WHAT THE TASK REQUIRES:
Skip the images; return every entry exactly.

DATASET CONTENT:

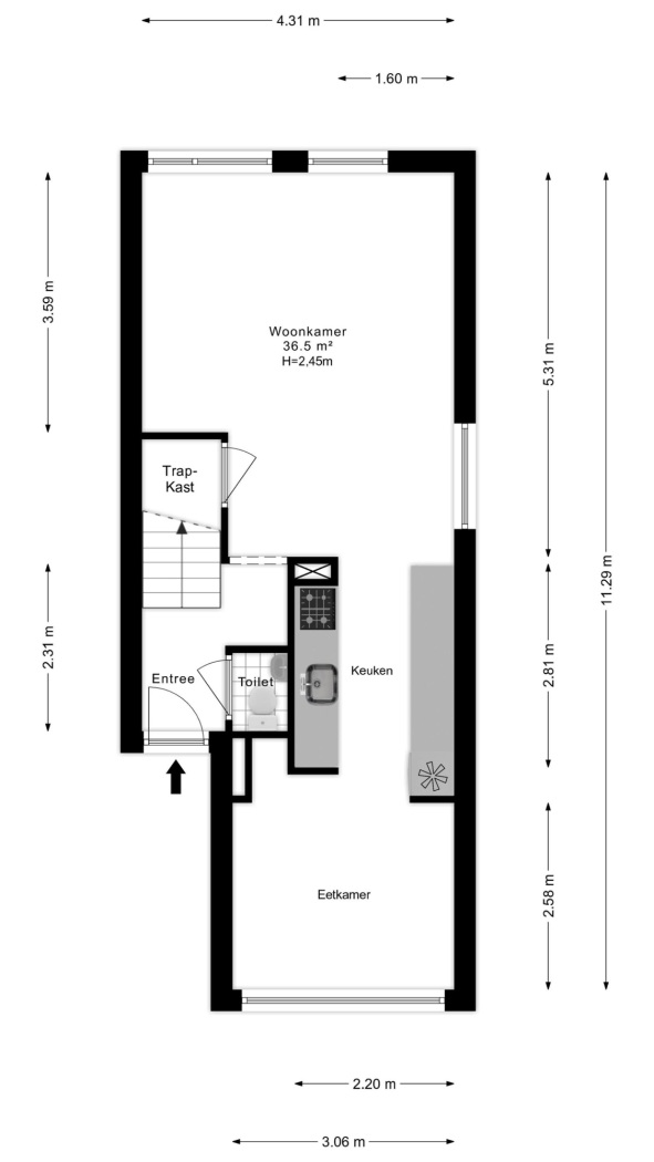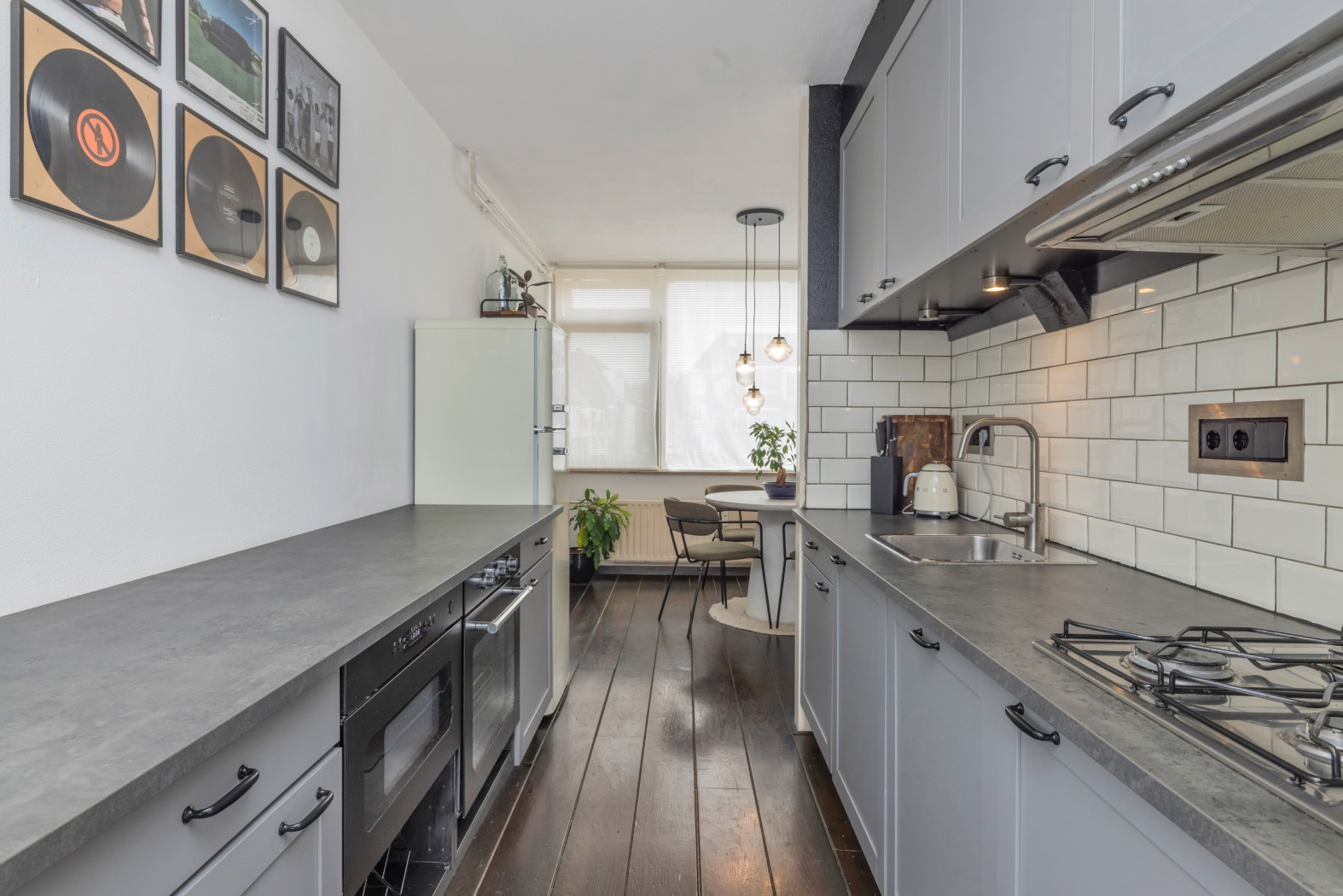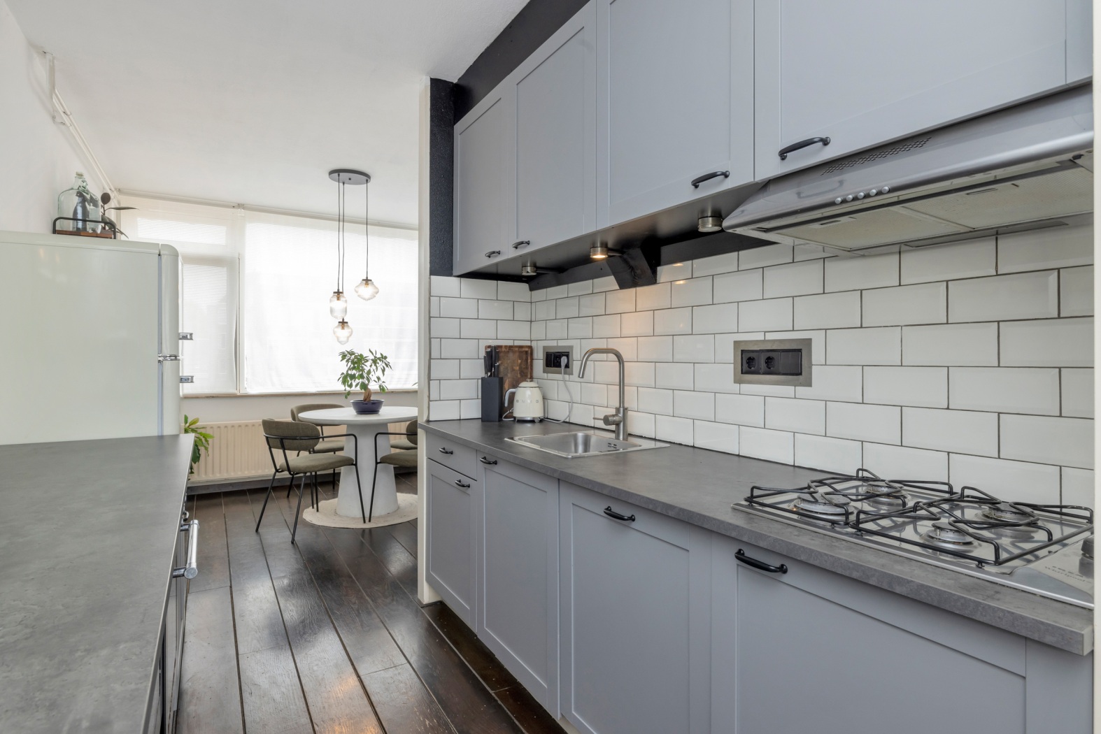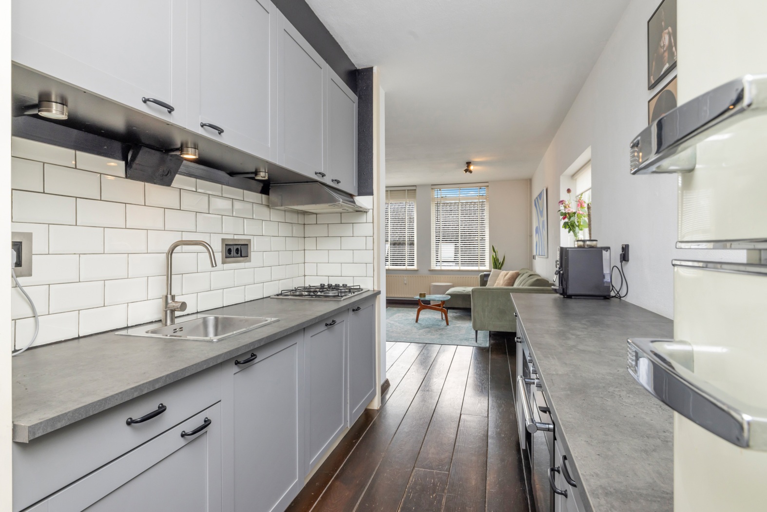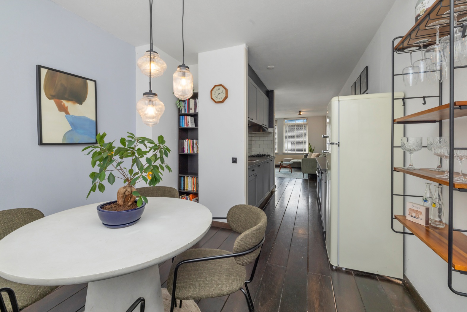 Via de entree kom je binnen in de gezellige woonkamer, een lichte en ruime ruimte waar het zonlicht royaal naar binnen valt. De open keuken grenst hier direct aan en is zowel praktisch als gezellig, ideaal om te koken terwijl je in contact blijft met je gasten. Aan de voorzijde bevindt zich het eetgedeelte, waar je kunt genieten van een leuk uitzicht over de straat.
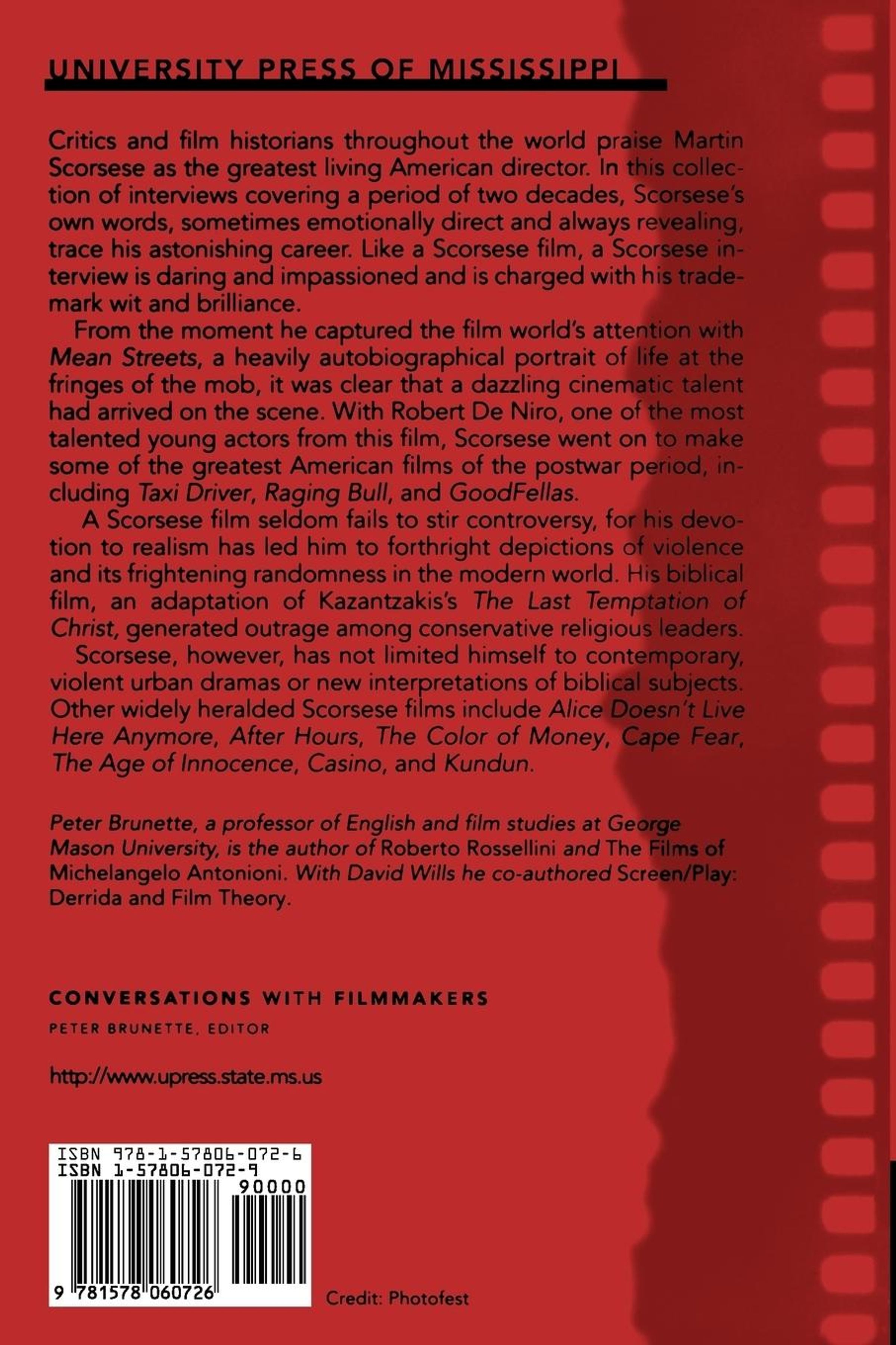 From the moment he captured the film world's attention with Mean Streets (1973), a portrait of life at the fringes of the Mob, it was clear that a dazzling cinematic talent had arrived on the scene. With Robert DeNiro, one of the most talented young actors from this film, Scorsese went on to make some of the greatest American films of the postwar period, including Taxi Driver (1976), Raging Bull (1980), and Goodfellas (1990). A Scorsese film seldom fails to stir controversy, for his devotion to realism has led him to forthrightly depict violence and its frightening randomness in the modern world. His biblical film also created quite a stir. This adaptation of Kazantzakis's The Last Temptation of Christ generated outrage among conservative religious leaders. Scorsese, however, has not limited himself to contemporary, violent urban dramas or new interpretations of biblical subjects. Other widely heralded Scorsese films include Alice Doesn't Live Here Anymore (1974), New York, New York (1977), The Last Waltz (1978), The King of Comedy (1983), After Hours (1985), The Color of Money (1986), Cape Fear (1991), The Age of Innocence (1993), Casino (1995), and Kundun (1998). These interviews begin with conversations about the highly autobiographical Mean Streets (1973), which first brought Scorsese serious attention, and end with conversations about Kundun , an overtly political biography of the Dalai Lama of Tibet, released in early 1998. ""I look for a thematic idea running through my movies, he says, and I see that it's the outsider struggling for recognition. I realize that all my life I've been an outsider, and above all, being lonely but never realizing it."" Peter Brunette , a professor of English and film studies at George Mason University, is the author of Roberto Rossellini and (forthcoming) The Films of Michelangelo Antonioni . With David Wills he co-authored Screen / Play: Derrida and Film Theory.
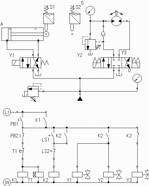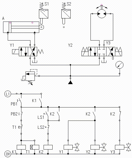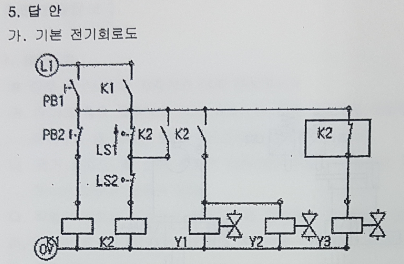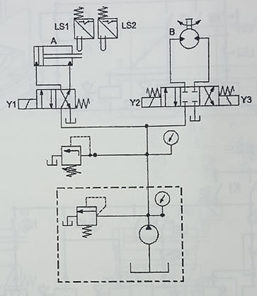 1) 초기상태에서 시작 스위치(PB1)를 ON-OFF하면 실린더 A의 전진운동과 유압모터 B가 축방향에서 볼 때 시계방향으로 회전운동이 동시에 시작되고, 실린더 A가 전진완료 후 LS2 리밋 스위치가 동작하면 실린더 A의 후진운동과 유압모터 B의 반 시계방향으로 회전운동이 동시에 이루어진다. 이와 같이 연속동작이 되어야 한다.
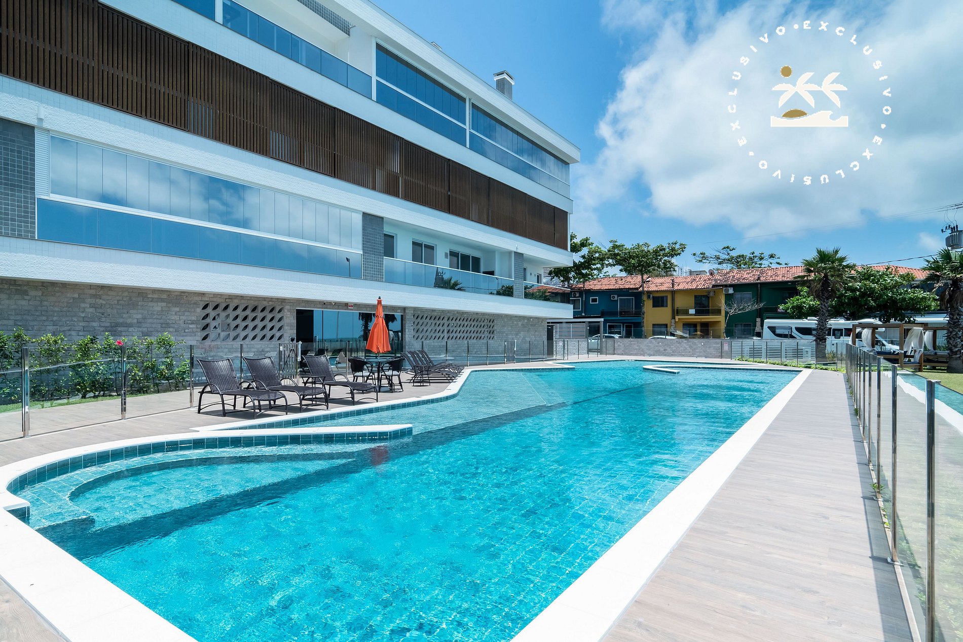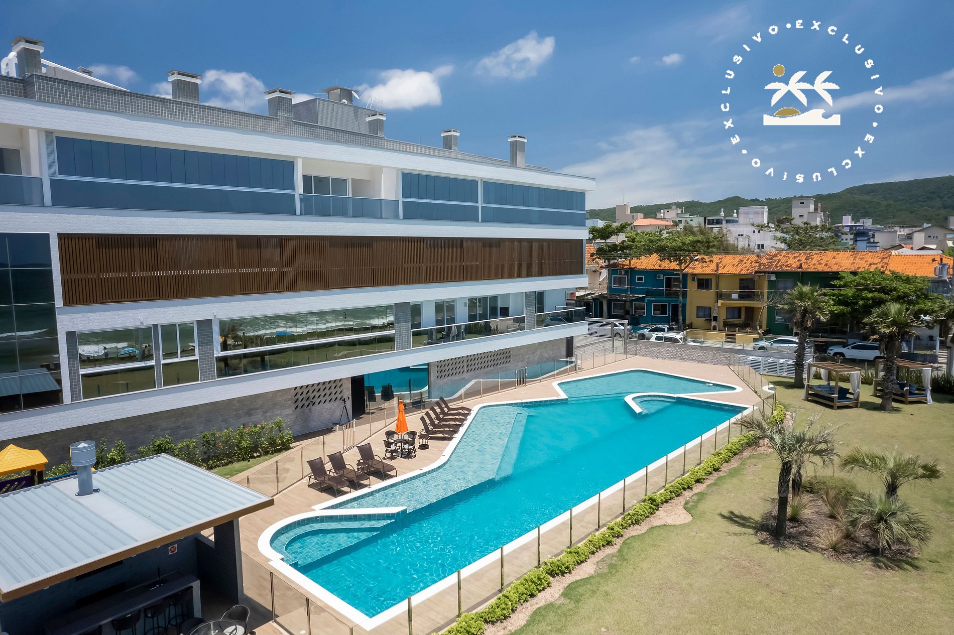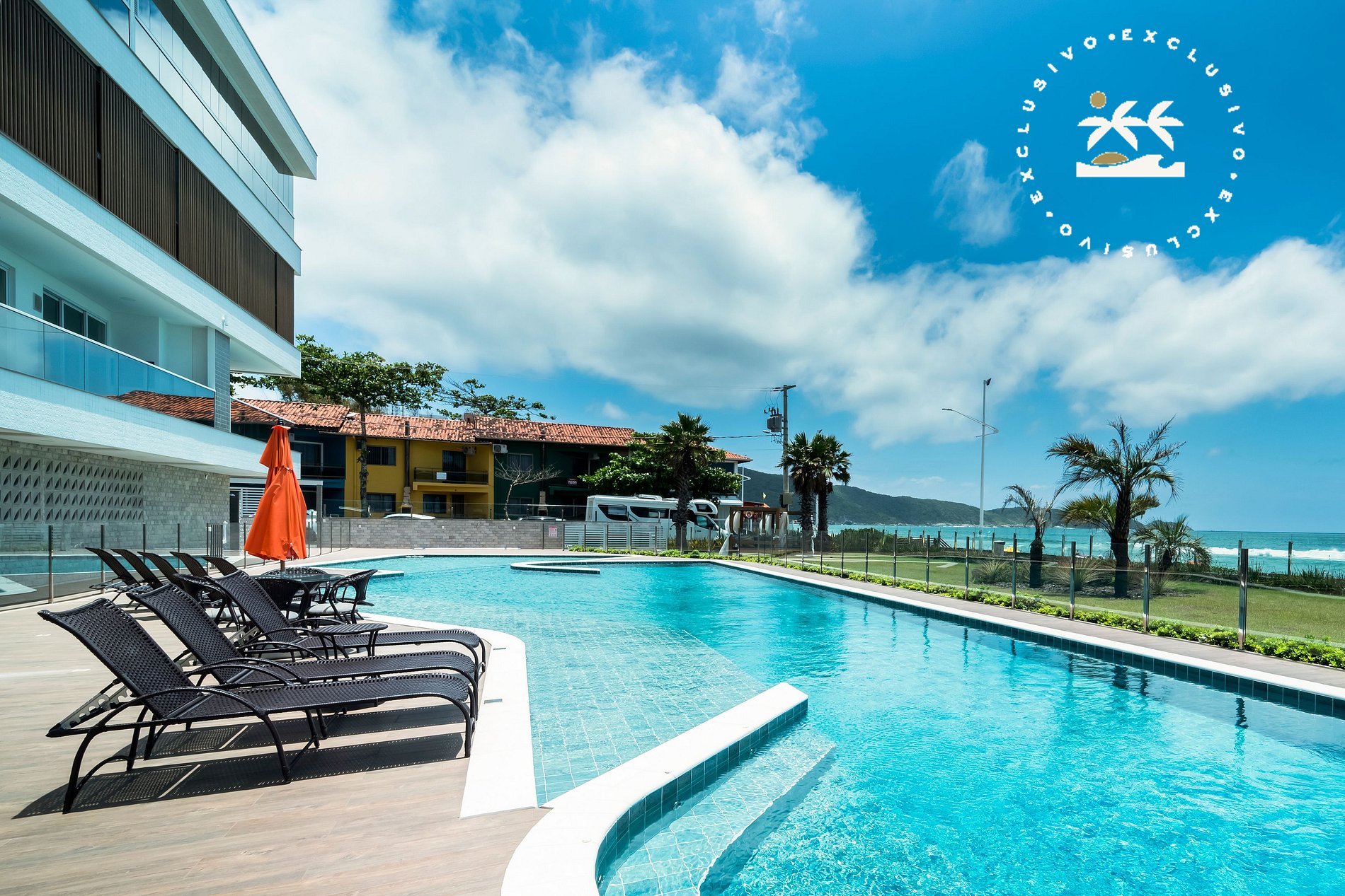 - O condomínio fica de frente para o mar na Praia de Bombas, com piscina e solário para momentos de lazer.
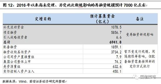 目前受到發(fā)行規(guī)模影響的未受理的再融資規(guī)模在7000億元左右,超過1/3的發(fā)行股份數(shù)量超過總股本的20%,預(yù)計(jì)需要重新調(diào)整再融資方案。由于新規(guī)實(shí)施新老劃斷,只有尚未受理的再融資受到新規(guī)影響,因此我們統(tǒng)計(jì)了2016年以來,處在董事會(huì)預(yù)案、股東大會(huì)通過、國資委批準(zhǔn)等階段的定增項(xiàng)目。此外,根據(jù)證監(jiān)會(huì)進(jìn)一步的解釋,殼資源重組、資產(chǎn)注入、整體上市等并購重組并不受此次新規(guī)影響,配套融資也只是在定價(jià)方式上有所調(diào)整,因此我們只統(tǒng)計(jì)了項(xiàng)目融資、補(bǔ)充流動(dòng)資金、引入戰(zhàn)略投資者等再融資項(xiàng)目。從這個(gè)口徑看,目前尚未受理的再融資規(guī)模在7000億元左右;在294個(gè)已公布增發(fā)股份數(shù)量的項(xiàng)目中,有110個(gè)定增項(xiàng)目的發(fā)行股份數(shù)量超過20%的規(guī)定,占比為37%。因此,預(yù)計(jì)這些項(xiàng)目需要重新調(diào)整再融資方案。
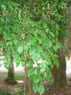 Drzewo dorastające do 7 m wysokości posiada liście jajowate lub jajowatolancetowata. Brzeg liścia lekko falisty, w początkowym okresie czerwonawy. Kwiaty białe, małe, pachnące i pojedynczo umiejscowione w kątach liści. Owocem jest jagoda dorastająca do 4 cm średnicy, okrągława i żebrowana o kolorze od wiśniowej, po ciemnoczerwoną, niekiedy do prawie czarnej barwy. Owoc zawiera 2-3 nasiona.
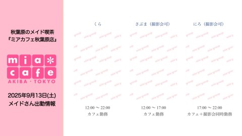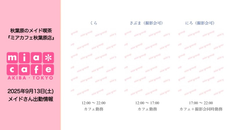👑本日9月13日(土)のミアカフェ秋葉原店
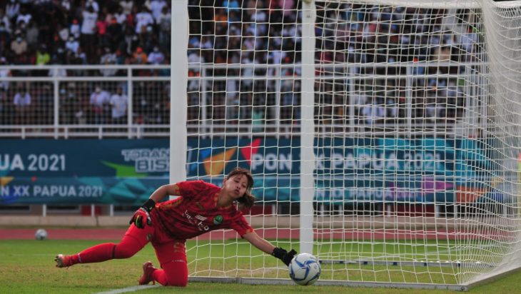 Merauke, PUBLIKASI – Laga final memperebutkan medali emas pada PON XX Papua mempertemukan Galanita Papua vs Jawa Barat bertempat di stadion Katapal Merauke, menampilkan permainan agresif dengan tempo tinggi, sejak peluit panjang babak pertama di bunyikan jabar mengambil inisiatif menekan anak asuh dari coach Dani Atmodjo, anak-anak asuh Ronny Remon bermain cepat hingga tercatat Jabar nyaris bebarapa kali membuat gawang galanita Papua yang di kawal Agustina Kwano ini kebebobolan, di samping itu galanita Papua yang mengandalkan serangan balik nyaris pula membobol gawal Jabar yang di kawal Diyana Herliana.

RESULT:
 Via de entree kom je binnen in de gezellige woonkamer, een lichte en ruime ruimte waar het zonlicht royaal naar binnen valt. De open keuken grenst hier direct aan en is zowel praktisch als gezellig, ideaal om te koken terwijl je in contact blijft met je gasten. Aan de voorzijde bevindt zich het eetgedeelte, waar je kunt genieten van een leuk uitzicht over de straat.
 From the moment he captured the film world's attention with Mean Streets (1973), a portrait of life at the fringes of the Mob, it was clear that a dazzling cinematic talent had arrived on the scene. With Robert DeNiro, one of the most talented young actors from this film, Scorsese went on to make some of the greatest American films of the postwar period, including Taxi Driver (1976), Raging Bull (1980), and Goodfellas (1990). A Scorsese film seldom fails to stir controversy, for his devotion to realism has led him to forthrightly depict violence and its frightening randomness in the modern world. His biblical film also created quite a stir. This adaptation of Kazantzakis's The Last Temptation of Christ generated outrage among conservative religious leaders. Scorsese, however, has not limited himself to contemporary, violent urban dramas or new interpretations of biblical subjects. Other widely heralded Scorsese films include Alice Doesn't Live Here Anymore (1974), New York, New York (1977), The Last Waltz (1978), The King of Comedy (1983), After Hours (1985), The Color of Money (1986), Cape Fear (1991), The Age of Innocence (1993), Casino (1995), and Kundun (1998). These interviews begin with conversations about the highly autobiographical Mean Streets (1973), which first brought Scorsese serious attention, and end with conversations about Kundun , an overtly political biography of the Dalai Lama of Tibet, released in early 1998. ""I look for a thematic idea running through my movies, he says, and I see that it's the outsider struggling for recognition. I realize that all my life I've been an outsider, and above all, being lonely but never realizing it."" Peter Brunette , a professor of English and film studies at George Mason University, is the author of Roberto Rossellini and (forthcoming) The Films of Michelangelo Antonioni . With David Wills he co-authored Screen / Play: Derrida and Film Theory.
 1) 초기상태에서 시작 스위치(PB1)를 ON-OFF하면 실린더 A의 전진운동과 유압모터 B가 축방향에서 볼 때 시계방향으로 회전운동이 동시에 시작되고, 실린더 A가 전진완료 후 LS2 리밋 스위치가 동작하면 실린더 A의 후진운동과 유압모터 B의 반 시계방향으로 회전운동이 동시에 이루어진다. 이와 같이 연속동작이 되어야 한다.
 - O condomínio fica de frente para o mar na Praia de Bombas, com piscina e solário para momentos de lazer.
 目前受到發(fā)行規(guī)模影響的未受理的再融資規(guī)模在7000億元左右,超過1/3的發(fā)行股份數(shù)量超過總股本的20%,預(yù)計(jì)需要重新調(diào)整再融資方案。由于新規(guī)實(shí)施新老劃斷,只有尚未受理的再融資受到新規(guī)影響,因此我們統(tǒng)計(jì)了2016年以來,處在董事會(huì)預(yù)案、股東大會(huì)通過、國資委批準(zhǔn)等階段的定增項(xiàng)目。此外,根據(jù)證監(jiān)會(huì)進(jìn)一步的解釋,殼資源重組、資產(chǎn)注入、整體上市等并購重組并不受此次新規(guī)影響,配套融資也只是在定價(jià)方式上有所調(diào)整,因此我們只統(tǒng)計(jì)了項(xiàng)目融資、補(bǔ)充流動(dòng)資金、引入戰(zhàn)略投資者等再融資項(xiàng)目。從這個(gè)口徑看,目前尚未受理的再融資規(guī)模在7000億元左右;在294個(gè)已公布增發(fā)股份數(shù)量的項(xiàng)目中,有110個(gè)定增項(xiàng)目的發(fā)行股份數(shù)量超過20%的規(guī)定,占比為37%。因此,預(yù)計(jì)這些項(xiàng)目需要重新調(diào)整再融資方案。
 Drzewo dorastające do 7 m wysokości posiada liście jajowate lub jajowatolancetowata. Brzeg liścia lekko falisty, w początkowym okresie czerwonawy. Kwiaty białe, małe, pachnące i pojedynczo umiejscowione w kątach liści. Owocem jest jagoda dorastająca do 4 cm średnicy, okrągława i żebrowana o kolorze od wiśniowej, po ciemnoczerwoną, niekiedy do prawie czarnej barwy. Owoc zawiera 2-3 nasiona.
👑本日9月13日(土)のミアカフェ秋葉原店
 Merauke, PUBLIKASI – Laga final memperebutkan medali emas pada PON XX Papua mempertemukan Galanita Papua vs Jawa Barat bertempat di stadion Katapal Merauke, menampilkan permainan agresif dengan tempo tinggi, sejak peluit panjang babak pertama di bunyikan jabar mengambil inisiatif menekan anak asuh dari coach Dani Atmodjo, anak-anak asuh Ronny Remon bermain cepat hingga tercatat Jabar nyaris bebarapa kali membuat gawang galanita Papua yang di kawal Agustina Kwano ini kebebobolan, di samping itu galanita Papua yang mengandalkan serangan balik nyaris pula membobol gawal Jabar yang di kawal Diyana Herliana.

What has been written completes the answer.